In Galway East — a constituency that hasn’t returned a senior minister in living memory — eight schools are affected. Roscommon-South Leitrim also has eight schools facing teacher cutbacks; Longford-Westmeath has six schools under threat; and Donegal South West, five.
Labour Senator John Kelly from Roscommon told the Sunday Independent he was deeply concerned that from a per head of population perspective, “Roscommon seems to have got the greatest hit, with eight schools under threat of losing a teacher.”

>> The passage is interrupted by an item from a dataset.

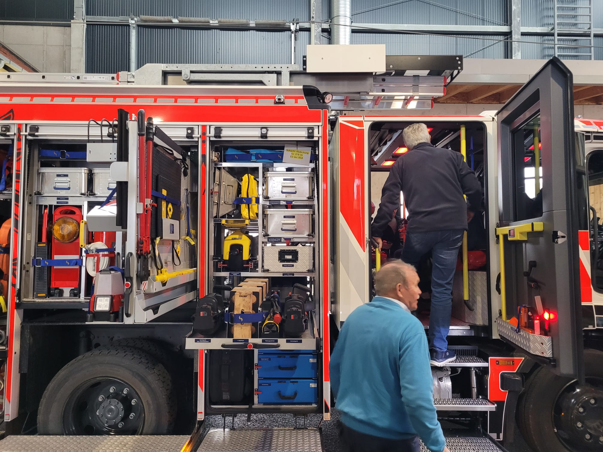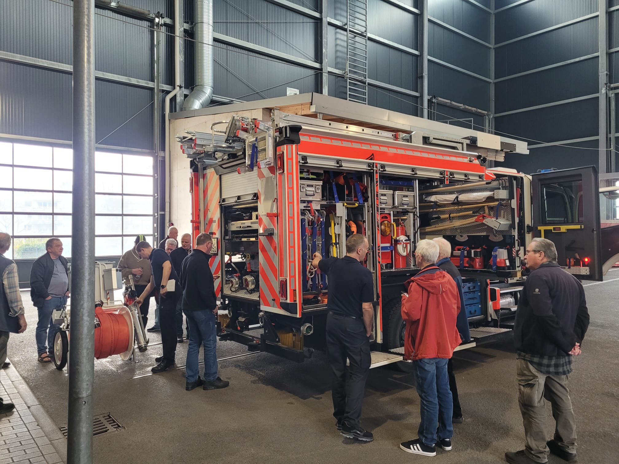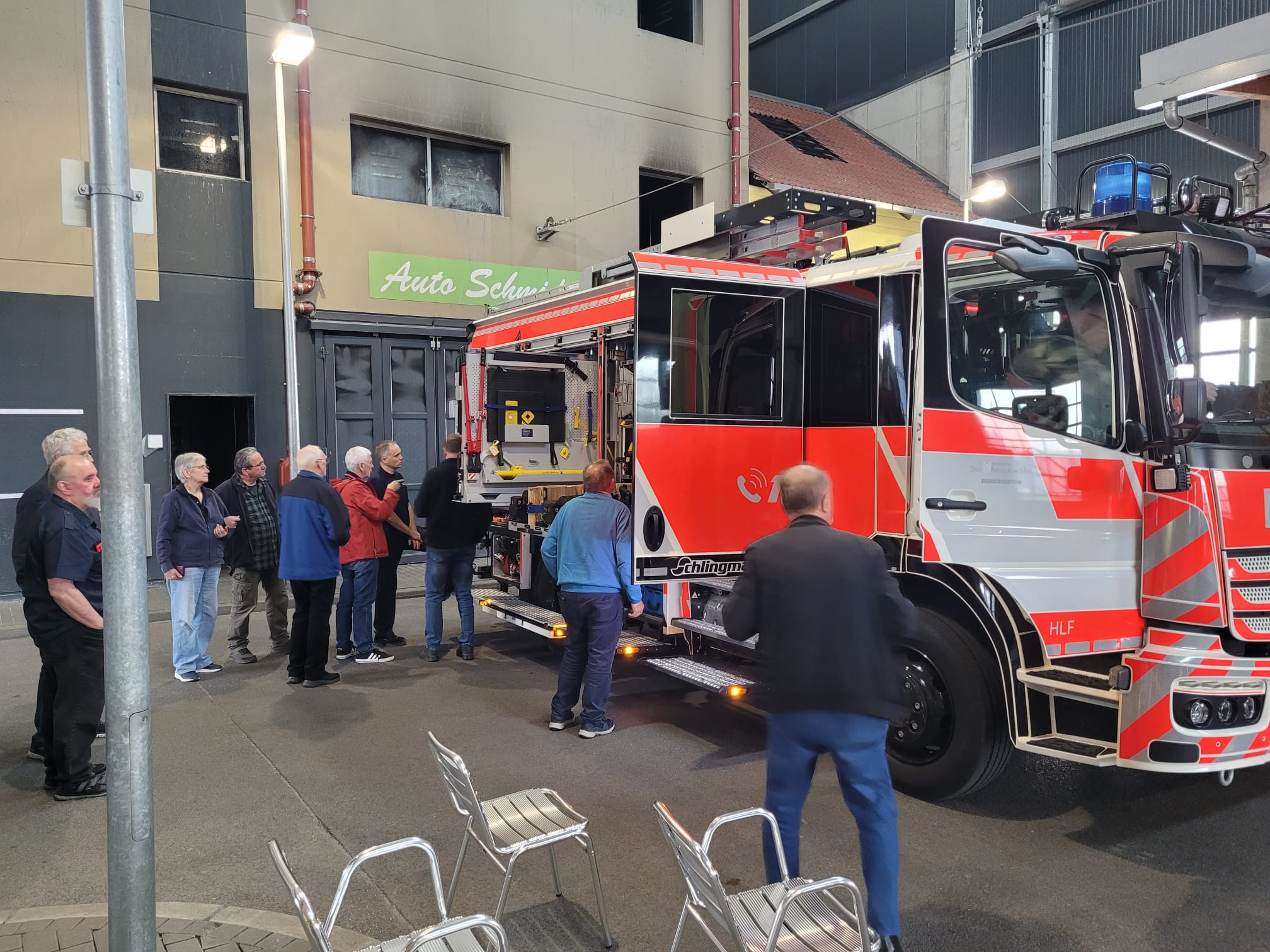 Am 20. März 2026 trafen sich 30 ehemalige Kollegen, um an der Vorstellung des neuen Einsatzfahrzeuges teilzunehmen. Sie staunten nicht schlecht, als sie auf dem Dach des neuen Fahrzeuges die Hakenleiter (französisches Modell) sahen (Vadder Henn, Manfred Himmighofen und CO hätten ihre Freude).

He added: “I am not happy about that. I believe that by purely assessing the savings involved we forget the social and economic benefits small schools are to rural areas. I am years campaigning for fair play for rural Ireland and I will continue to push the Minister for Education to give a degree of leniency to schools that may lose a teacher over one or two pupils.”
Senator James Heffernan is also unconvinced that the threat to rural schools has receded. “Although the minister has said that there is an effective appeal procedure in place, I believe that the changes this year are the thin end of the wedge. As a former teacher, it is my view that the changes next year and the year after will have the potential to be devastating for rural life in Ireland. Should schools lose teachers and be forced to close down, it would be the last straw for life in rural Ireland,” the senator said.
“In Co Limerick there are around 60 schools with four or fewer teachers. These schools are the heart of their communities. If they were to be lost, it would be a major societal blow for those communities and parishes and indeed to the future of organisations like the GAA which is organised on parish lines.”
Meanwhile, Enda Kenny’s political heartland of Mayo which is the third largest county, but only 15th in terms of population, has just four schools affected.